Le débat de fond à Vingt-Huit se déroulera donc lors du sommet des chefs d’Etat et de gouvernement, toujours à Bruxelles, les 28 et 29 juin. La réunion de dimanche, qui devrait regrouper une dizaine de dirigeants, est donc censée être une « préparation » à ce conseil. Elle apparaît surtout comme une aide à la chancelière allemande, en grande difficulté dans son pays, où Horst Seehofer, dirigeant des conservateurs bavarois de la CSU et ministre de l’intérieur, a lancé un ultimatum à Angela Merkel : elle a deux semaines pour trouver une solution européenne à ce qu’il est désormais convenu d’appeler « la crise migratoire ». Ou plutôt la crise politique née, dans différents pays, de la focalisation sur la question de la migration et du refus italien de continuer à accueillir des embarcations d’ONG qui recueillent des migrants en Méditerranée. M. Seehofer a menacé, en cas d’échec, de fermer les frontières allemandes.

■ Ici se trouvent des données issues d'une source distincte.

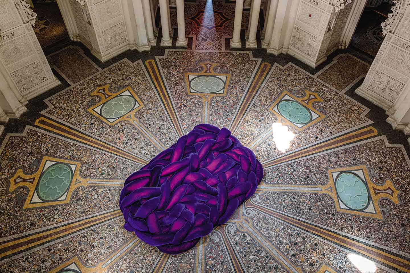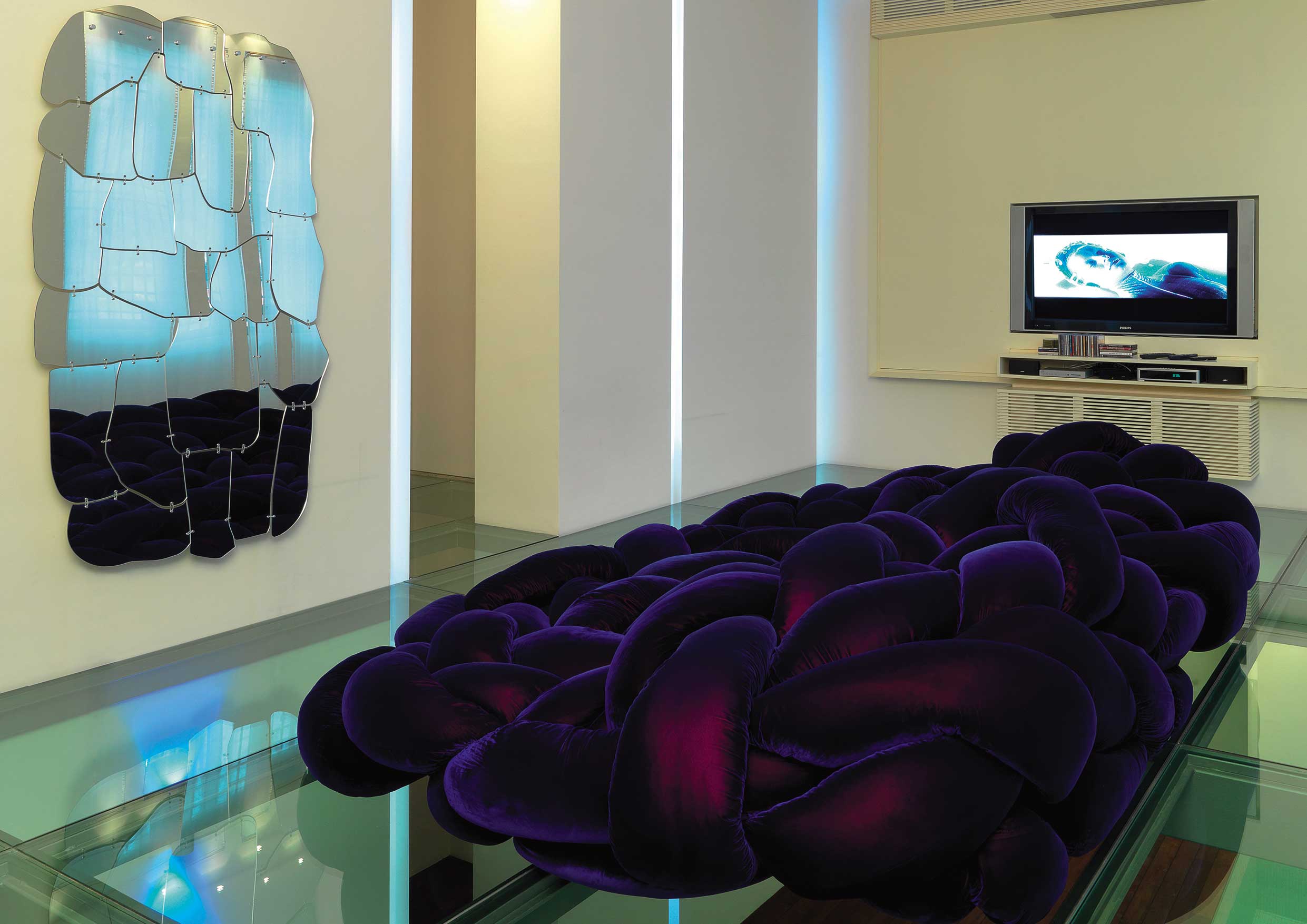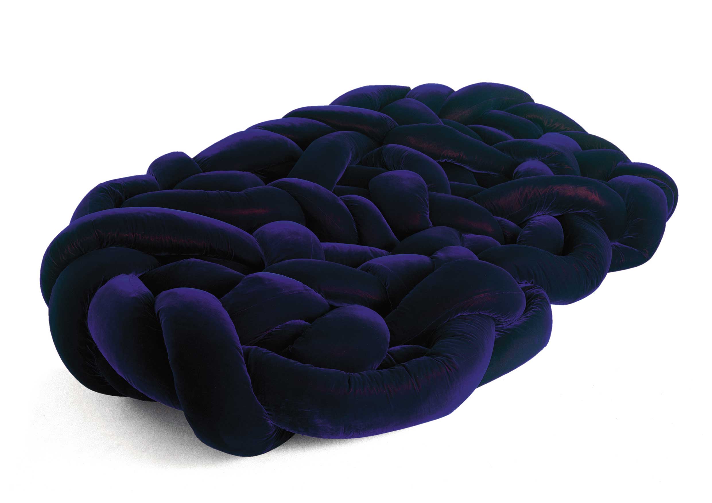 Sofá escultura. Nido de tejido hecho a mano, 120 m de tejido tubular relleno de poliuretano elástico y transpirable con un toque de plumón, revestido en tercipelo que aporta una suavidad y una luminosidad peculiar.

« Dimanche, on assistera à un mini-sommet Merkel, et même, en vérité, à un mini-sommet Seehofer, peste un diplomate. Et quelle valeur pourrait avoir un accord à dix pays alors que seront absentes la Suède et la Hongrie, aux visions complètement opposées ? » La première exige effectivement des quotas contraignants de répartition des demandeurs d’asile, la seconde les refuse absolument et son premier ministre, Viktor Orban, s’est livré jeudi, lors d’une réunion du groupe de Visegrad à Budapest, à une nouvelle diatribe contre la Commission et la chancelière allemande. Il a confirmé au passage le boycottage par son pays, ainsi que la Pologne, la Slovaquie et la République tchèque, du mini-sommet de Bruxelles.

Création d’une police européenne des frontières

A Rome, pendant ce temps, on juge que Bruxelles aborde insuffisamment la question de la protection des frontières extérieures pour se concentrer sur le redéploiement des migrants déjà arrivés en Europe et sur les « mouvements secondaires », à savoir la répartition des migrants dans les différents pays de l’Union. Démenti de Bruxelles : la Commission se soucie tout autant de limiter les arrivées. Pour preuve, sa volonté de renforcer son aide financière et matérielle à des pays d’Afrique pour qu’ils contrôlent les départs. Mais aussi de réviser la politique des visas avec ces pays, de limiter les aides au développement qui leur sont fournies et d’instaurer une véritable police européenne des frontières, forte de 10 000 membres.

La question des plateformes, ou centres – camps ? – à installer aux frontières extérieures promet d’être un autre sujet d’affrontement, avec des pays comme l’Autriche ou le Danemark qui ont lancé ce projet. Des capitales s’inquiètent de la légalité de cette solution. L’idée, que la Commission ne défend visiblement pas, sera toutefois « travaillée ». D’autant que les pays cités pour accueillir de telles structures – la Tunisie, l’Albanie – sont manifestement réticents et n’ont même pas été consultés.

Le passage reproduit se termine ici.